I wrote a post a few days ago complaining about politics as usual and I stand by that. I wish we didn't have that. But, I also wish we didn't have to have a national defense. Just wishing that were the case doesn't make it so. Obama knows that if he just keeps sitting back playing defense, McCain will keep throwing unanswered punches. Last night, Obama showed that, for the good of the country, he will throw back.

I think his speech was a brilliant mixture of the hope and rhetoric that has attracted his rapid, maniacal supporters, a detailed outline of his plan for policy and a very controlled condemnation of the current administration and John McCain's undeniable ties to it and insistence on continuing with its worst policies. He gave a nod to Martin Luther King's "We Have a Dream Speech", but he did not allow himself to be framed as the "black candidate". He packed a lot in to a short speech and did it brilliantly and with respect for John McCain's service, patriotism and sincere desire to do what is best for the country.

There was so much good in the speech that it's hard to pick out one thing. But, as I listened to the analysis last night the pundits seemed to look over what I thought was the most powerful counter to the Celebrity/Messiah thing:

I know there are those who dismiss such beliefs as happy talk. They claim that our insistence on something larger, something firmer and more honest in our public life is just a Trojan Horse for higher taxes and the abandonment of traditional values. And that's to be expected. Because if you don't have any fresh ideas, then you use stale tactics to scare the voters. If you don't have a record to run on, then you paint your opponent as someone people should run from. You make a big election about small things.

And you know what it's worked before. Because it feeds into the cynicism we all have about government. When Washington doesn't work, all its promises seem empty. If your hopes have been dashed again and again, then it's best to stop hoping, and settle for what you already know.I get it. I realize that I am not the likeliest candidate for this office. I don't fit the typical pedigree, and I haven't spent my career in the halls of Washington. But I stand before you tonight because all across America something is stirring. What the nay-sayers don't understand is that this election has never been about me. It's
been about you.

For eighteen long months, you have stood up, one by one, and said enough to the politics of the past. You understand that in this election, the greatest risk we can take is to try the same old politics with the same old players and expect a different result. You have shown
what history teaches us that at defining moments like this one, the change we need doesn't come from Washington. Change comes to Washington. Change happens because the American people demand it because they rise up and insist on new ideas and new leadership, a new politics for a new time.
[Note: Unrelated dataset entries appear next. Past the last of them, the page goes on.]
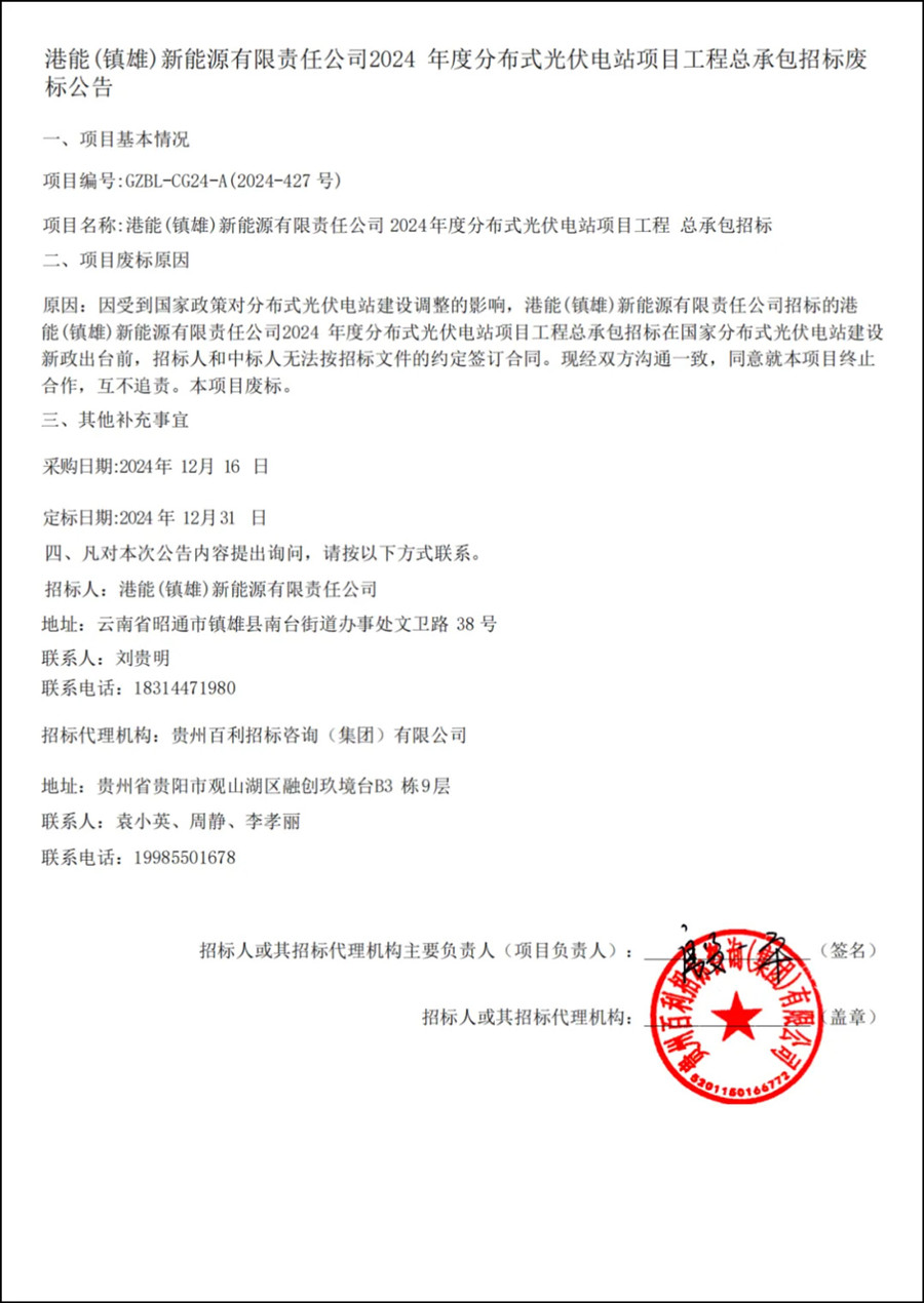 近日,港能(镇雄)新能源有限责任公司发布2024年度分布式光伏电站项目工程总承包招标废标公告,其300MW分布式光伏EPC项目合作终止。
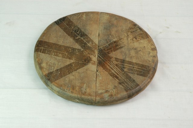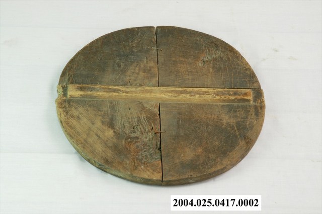 1.此物件為木製魚仔桶的桶蓋,是由木材所製成的漁具,此物件是由兩片木板拼接而成,外觀為圓盤狀,平面上挖有1長條凹槽。 2.魚仔桶也稱為魚苗桶,主要是用於裝載體積甚小的魚苗,有些魚苗甚至連肉眼都難以觀察到。為讓魚苗可以順利受精、孵化,一般農家多先選溫暖的室內進行魚苗的受精與孵化,待魚苗長出後,再利用魚仔桶移至魚塭等養殖區域。
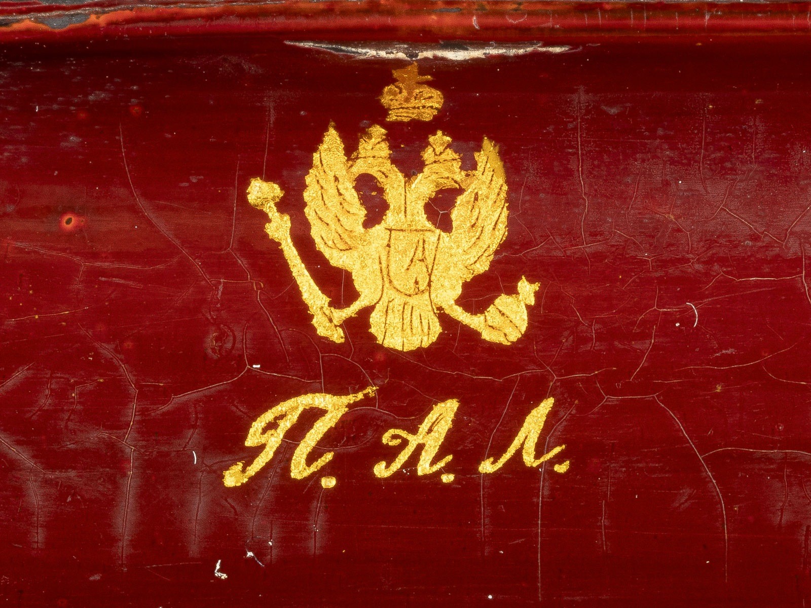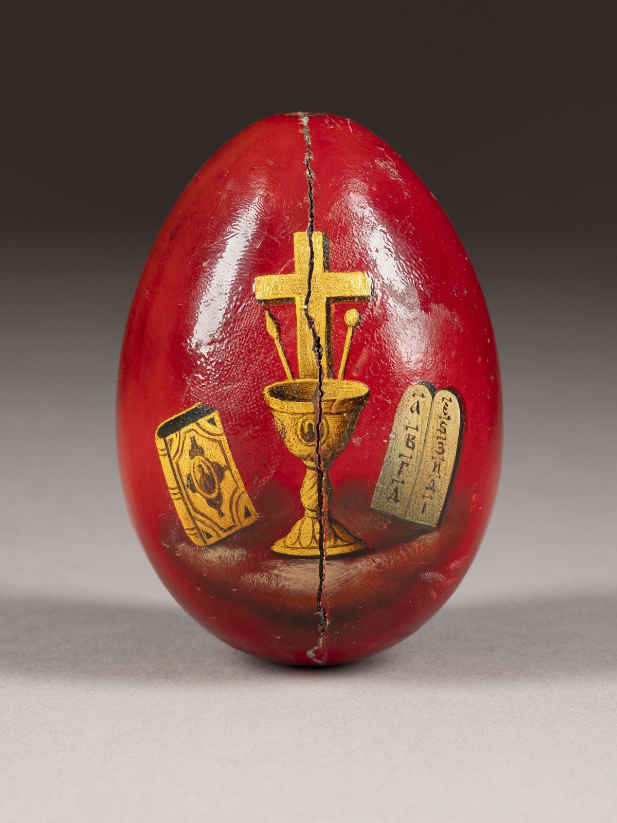 Papiermaché, Rotlack, opake Ölmalerei, teils über Metallfolie. H. 8,5 cm. Verso Kreuz, Kelch und die Heilige Schrift. Riss, besch.
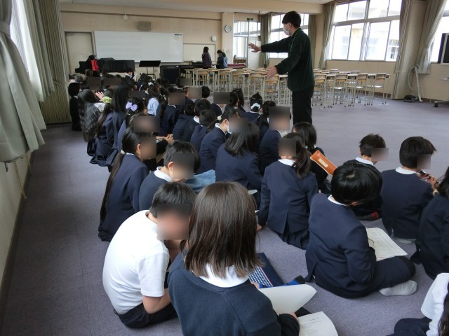 今日の5限目は、4年生の3クラス合同で音楽がありました。
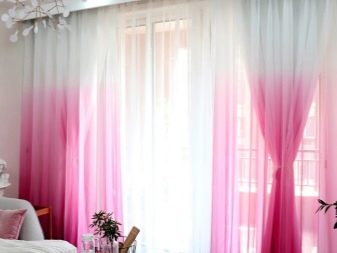 The effect of a smooth transition from one color to another is very popular in the design of rooms. A gradient pattern can be seen on the walls, in the furniture, finally, he switched to the curtains. Such a peculiar “ombre” on the windows looks stylish and with proper use can create interesting visual effects.
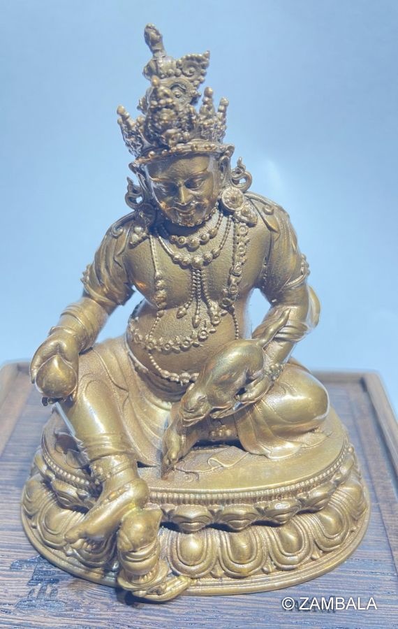 在藏傳佛教中,**黃財神**(藏文:Dzambhala,梵文:Jambhala)是財富、福德與富足的象徵,屬於財神之一,主要被信徒供奉以祈求財富、事業順利及生活富足。他是藏傳佛教中的重要護法神之一,與其他財神如白財神、黑財神、紅財神、綠財神等共同構成財神系統,每位財神有其獨特的象徵意義和功能。
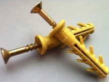 ومع ذلك ، على عكس هذا الخيار مولي – وتد معدني, وبالتالي يمكنها تحمل قوة تحميل كبيرة. يتم أيضًا إدخال وتد “المولي” في الفتحة الموجودة في الصفيحة ، ثم يتم تثبيتها حتى تتوقف ، مما يستلزم فتح العنصر ، ثم يتم تثبيت لوح الجبس.
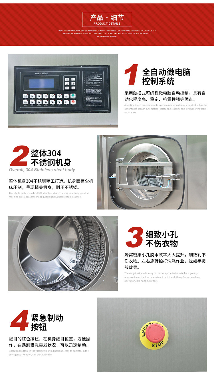我公司專注于工業洗衣機,脫水機,水洗機等洗滌設備的生產,同時我司為特殊用戶訂制非標洗滌機械。熱忱歡迎廣大客戶來電咨詢產品信息。
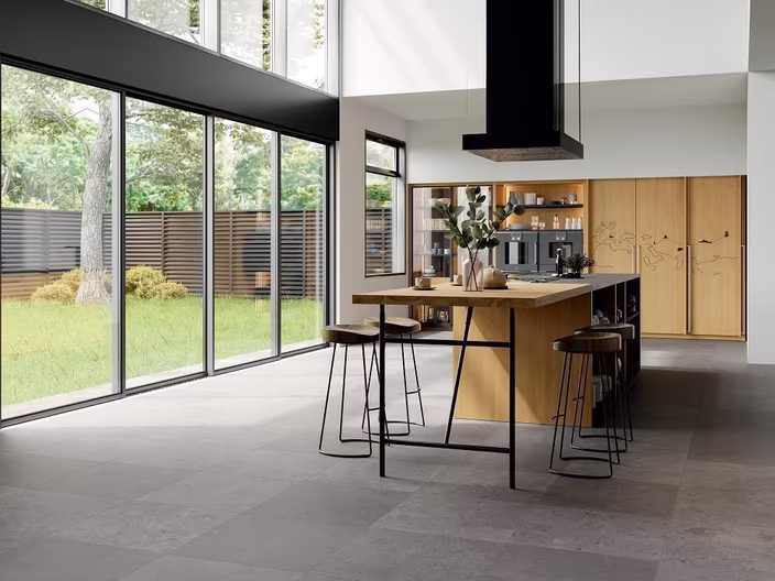 Известняк, ранее широко применявшийся при строительстве, стал источником вдохновения для настенной плитки «Карму» и этой стильной серии керамического гранита с большим выбором форматов и декоративных эффектов.

This is something Obama needs to repeat over and over again. "It's not about me. It's about you." Obama is the people's champion. Our surrogate. He is the guy we chose to take on the establishment.

Surely, the comparisons others made to Lincoln will be criticized. But, the parallels are there. They are facts. Undeniable, indisputable facts. They have about the same amount of experience in the same situations, are both truly inspirational speakers and seem to have the same heart when it comes to uniting America across the lines that divide us. Chew on that Grand Oil Party!

The Republican attack machine will surely spin the grandeur of the speech into an all sizzle no steak thing. But, they run a risk with this, IMO- insulting the thousand and millions of Obama supporters as being easy dupes. You've got to ask yourself why a Junior Senator we had never heard of four years ago can fill a football stadium with over 80,000 people and a Senior Senator, war hero with so many decades of service is struggling to attract 10,000 people to his announcement today in Dayton. Could it be because one is offering hope while the other is offering security (IOW- selling fear)?

The other days someone said people vote a candidate like them, only smarter. I couldn't agree more and I see myself in Barack Obama (not that I am any Barack Obama). He's idealistic. He believes in the best in humanity. He wants to see a level playing field for everyone and thinks government's role is to protect those who cannot protect themselves while allow market forces to do what market forces do best. He thinks we should negotiate first but use force when necessary. He's about to show that to Senator McCain. You wanna play rough? C'mon. I think he's smart, sincere and tough and I hope he continues to show that over the next couple of months.

I think the Democrats did a great job of framing what this election will be about. The choice this year will be very clear and that is a good thing. For the next 66 days, I'll be praying America chooses wisely. I know where my vote is going.